▸ The data
-*-
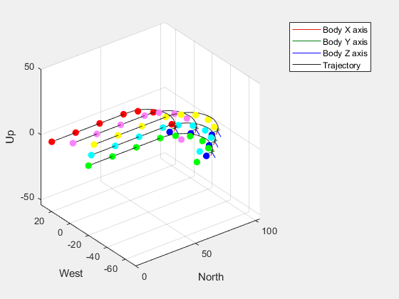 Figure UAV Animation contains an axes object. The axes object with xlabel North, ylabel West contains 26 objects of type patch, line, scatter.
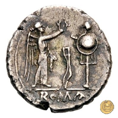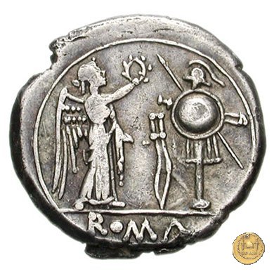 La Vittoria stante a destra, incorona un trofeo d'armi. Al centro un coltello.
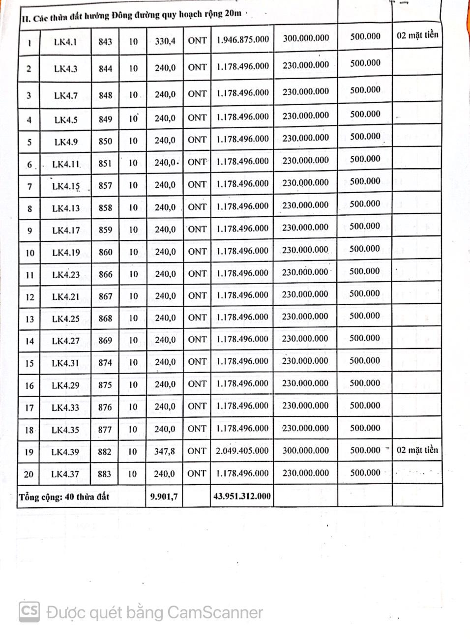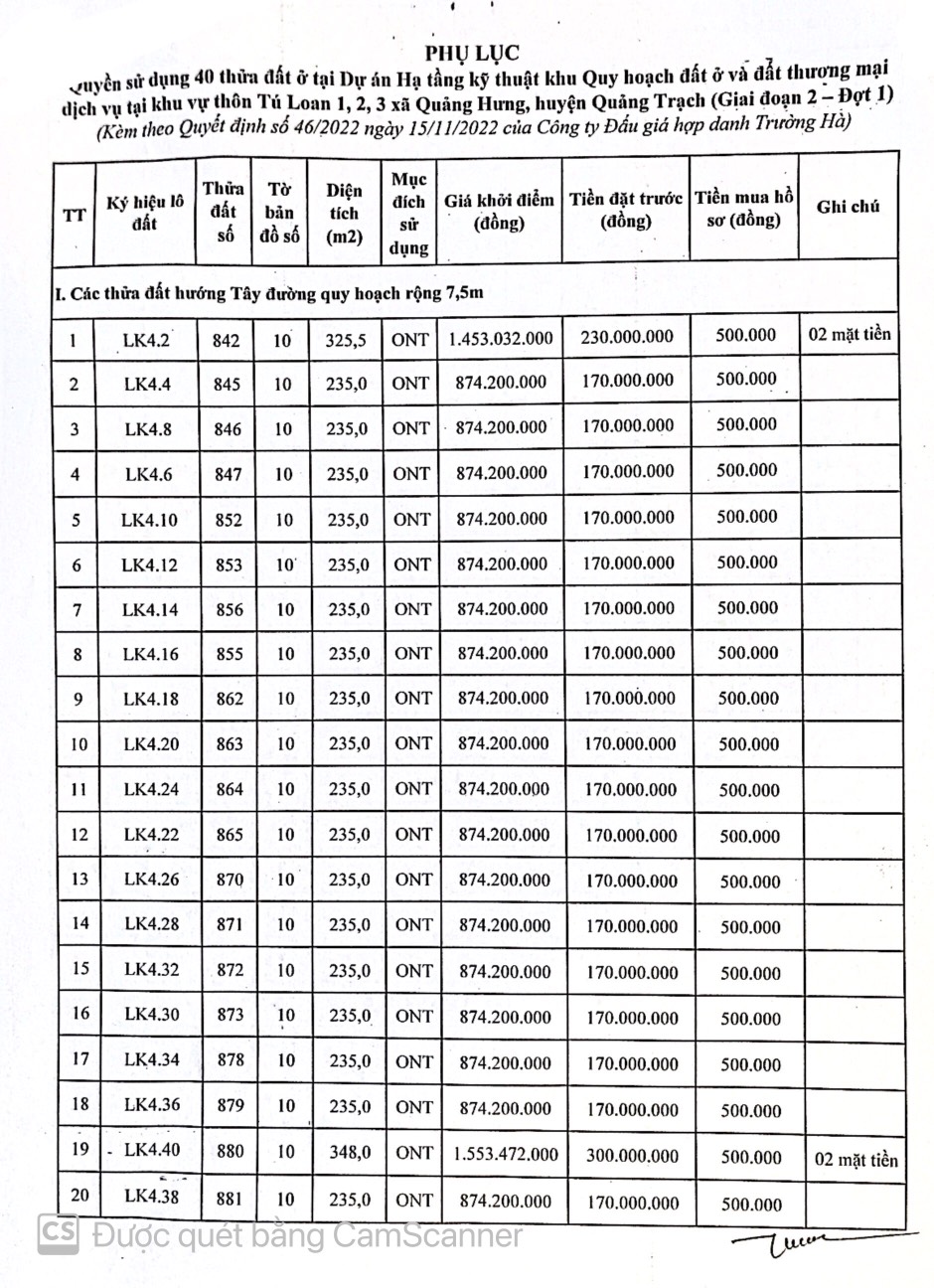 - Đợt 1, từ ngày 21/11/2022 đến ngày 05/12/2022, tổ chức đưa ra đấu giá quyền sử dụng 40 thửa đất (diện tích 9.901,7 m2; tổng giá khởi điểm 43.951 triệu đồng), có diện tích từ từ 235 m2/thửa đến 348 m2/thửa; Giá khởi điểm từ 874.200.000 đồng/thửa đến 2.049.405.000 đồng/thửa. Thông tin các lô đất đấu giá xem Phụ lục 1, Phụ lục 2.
-*-
▸ What you have to do
Give back exactly the run of lines that opens the material above and ends at the line with "La Vittoria stante". Omit the pictures.

▸ Completed exercise
 Figure UAV Animation contains an axes object. The axes object with xlabel North, ylabel West contains 26 objects of type patch, line, scatter.
 La Vittoria stante a destra, incorona un trofeo d'armi. Al centro un coltello.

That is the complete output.